Green in Cottown. The fields smell sharp, of rhubarb, grey slip on the road, but nothing grows, even in the rains of Heaven.

Shuffle …

Neukünstler! My name is on the door. White plastic belt, cardboard, aluminium foil, silver tape, 20mm starch packing sheets, wire, and a canvas backpack, five cardboard boxes (24 pack eco laundry tablet’s), silver tape, aluminium foil, wire—Fake devices, ‘made by hand Monsieur.’

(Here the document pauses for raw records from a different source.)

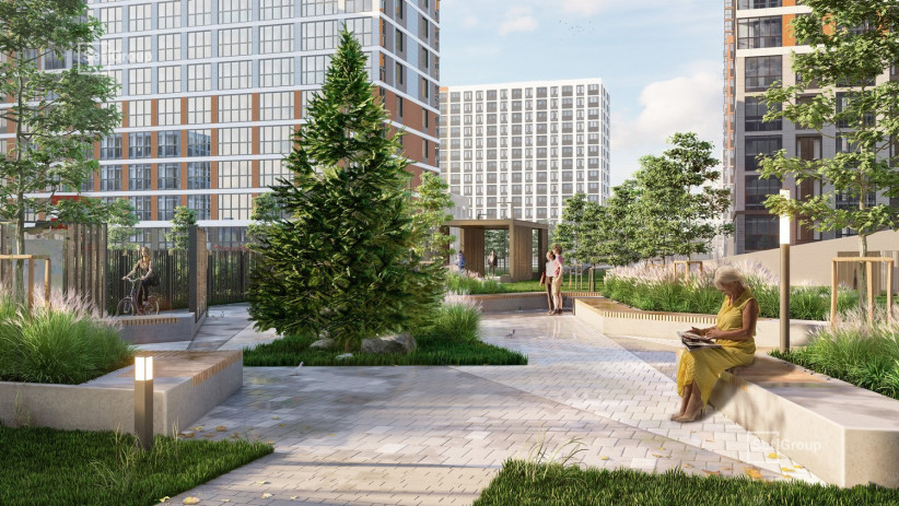 Особенность «Города Звезд» — продуманная концепция благоустройства: пятикилометровый променад «Аллея звезд» соединит дома и выйдет к Невскому лесопарку. На территории комплекса обустроят четыре площади: культурная площадь с амфитеатром, спортивная площадь для активных видов спорта, главная площадь с фонтаном и торговая площадь для ярмарок.
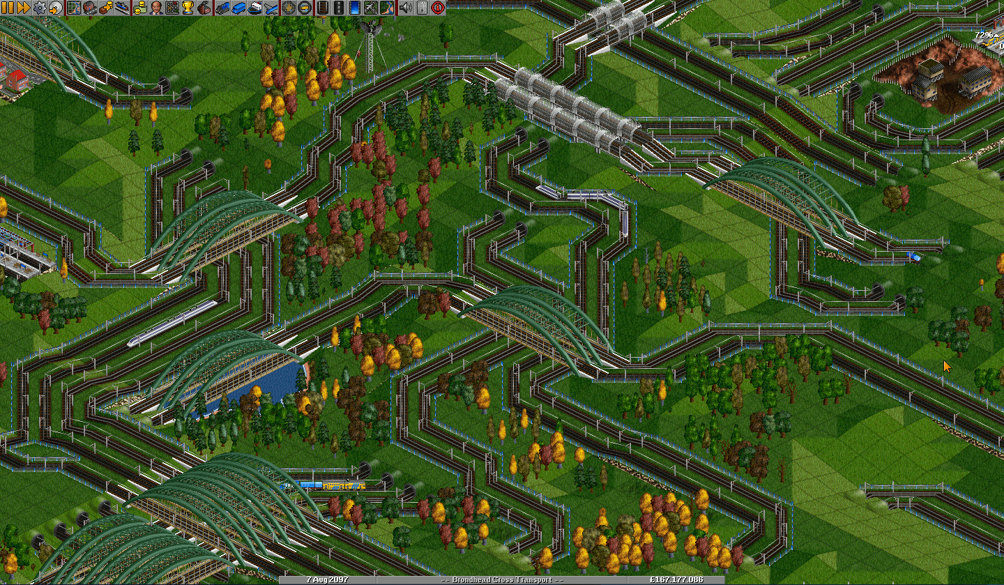 OpenTTD - это полный клон Transport Tycoon Deluxe с открытыми исходными кодами. В этом Tycoon'е реализованы некоторые довольно удобные возможности, например, строительство диагональных путей в два клика, изменение всех опций настройки (аналогичных TTD Patch) прямо из меню, работа в оконном режиме и др.
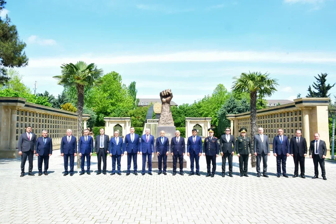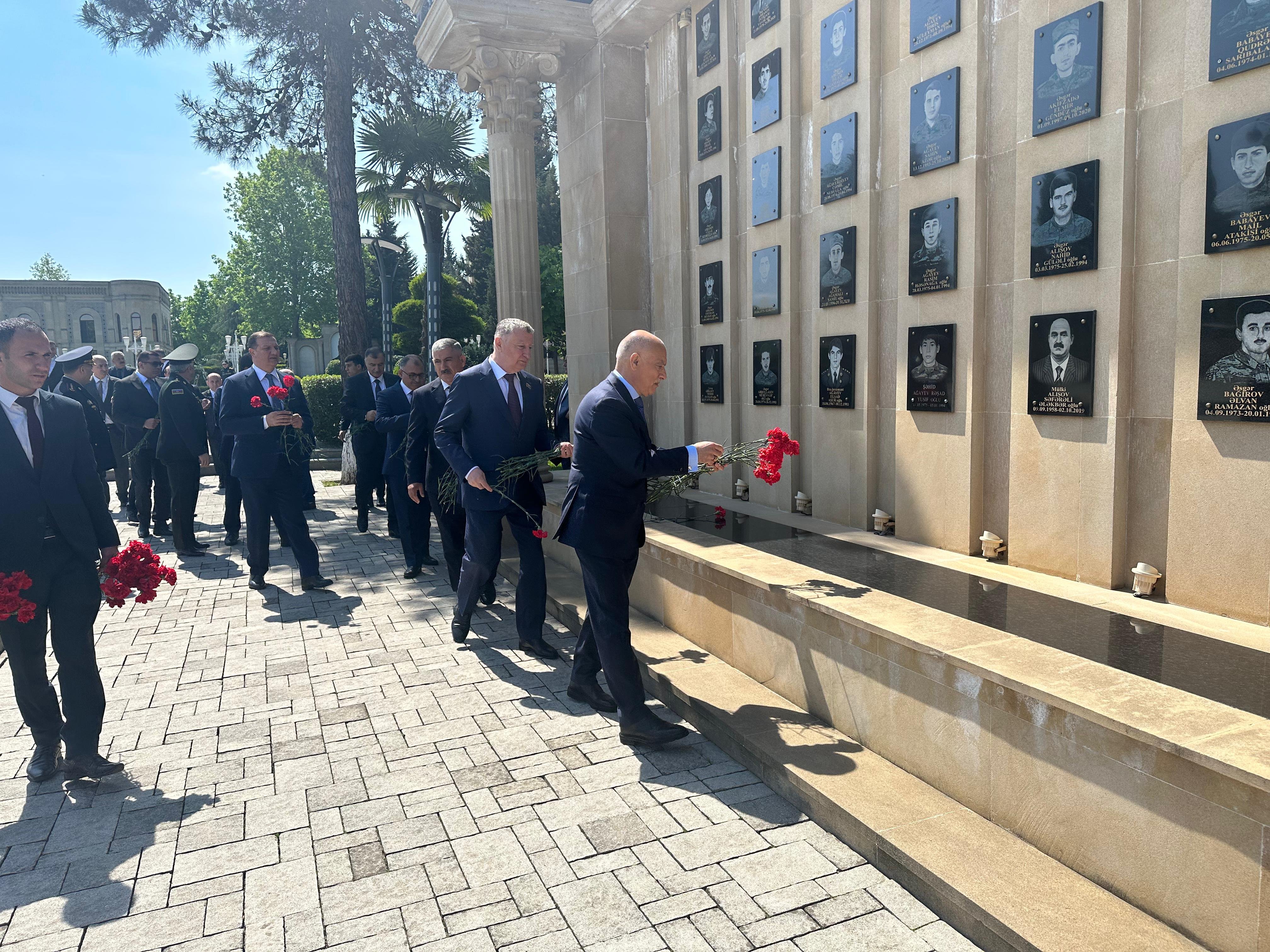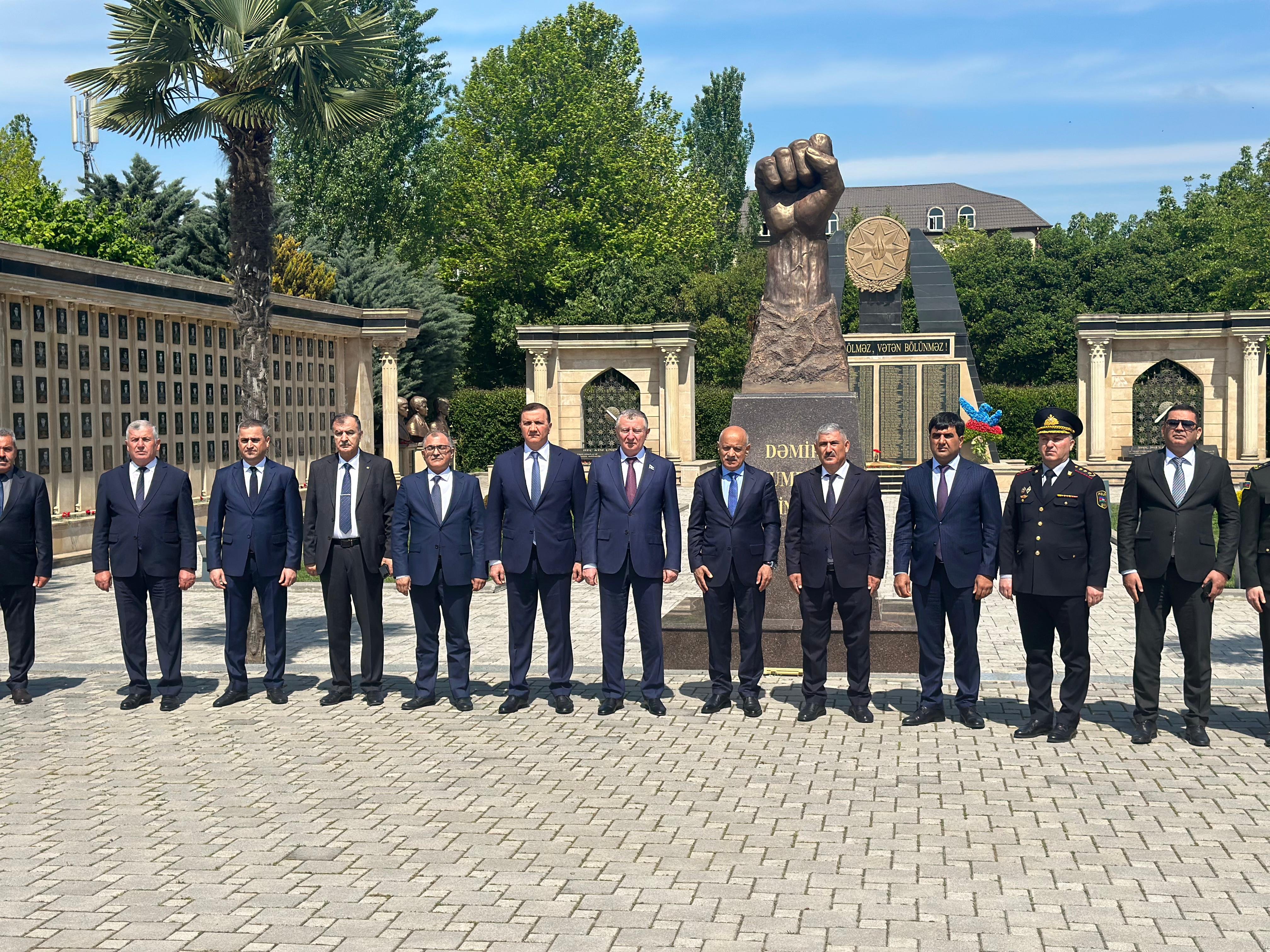 Daha sonra Masallı şəhidlərinin xatirəsinə ucaldılmış Qəhrəmanlar Parkı və “Dəmir Yumruq” abidəsi ziyarət olunub, Vətən uğrunda canından keçən qəhrəmanlarımızın ruhuna hörmət əlaməti olaraq güllər qoyulub.
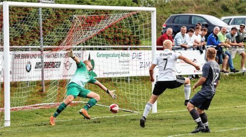 Gebannt verfolgt der Schechener Anhang im Hintergrund, wie der SVS im Punktspiel der Fußball-Kreisklasse 2 beim SV/DJK Griesstätt mit 1:0 in Führung geht. Josef Weichselbaumer drückte die Kugel aus wenigen Metern über die Linie und ließ Hausherren-Torhüter Simon Hamburger letztlich keine Abwehrmögli

On the far horizon, the whole| conversation, hand cut blind| in the gilded space closer to| the margin of you on Cothill.
Movement of perfections shadow,| darkness outwith your corridor, tell me,| tell me, emptiness.| I rise out of my sleep.
And the grey cherry tree| turning in its wash of rain,| a nest in splendid-malnutrition| tonight I shall ask it in.
My love waited, may have died| in the wax of shadow, patrolling| the feast of leaves.| I met my death
coming the other way. Turning| a quiet song, I cried| and you passed by without a sound.| A resurrection?
Nothing that you say; I dwell.| No measure of fire; I dwell.| Keeping shtum on the road,| consent where paradox is fear.
My heart denied, I couldn’t see myself;| I left early into the field| with the nothing that you say| weighing past all weight
in the interior of smear and bravery,| prayers could not dent my darkness.| I go to my neighbour with nothing to eat,| the blackbird the chaffinch.
This love will be the end.| You have all the space| in my mind, the manners of pain,| a quiet carriage you say.
And you my spent heart, dwell| true, after truth, in love| never depleted by use or display| a moment and forever.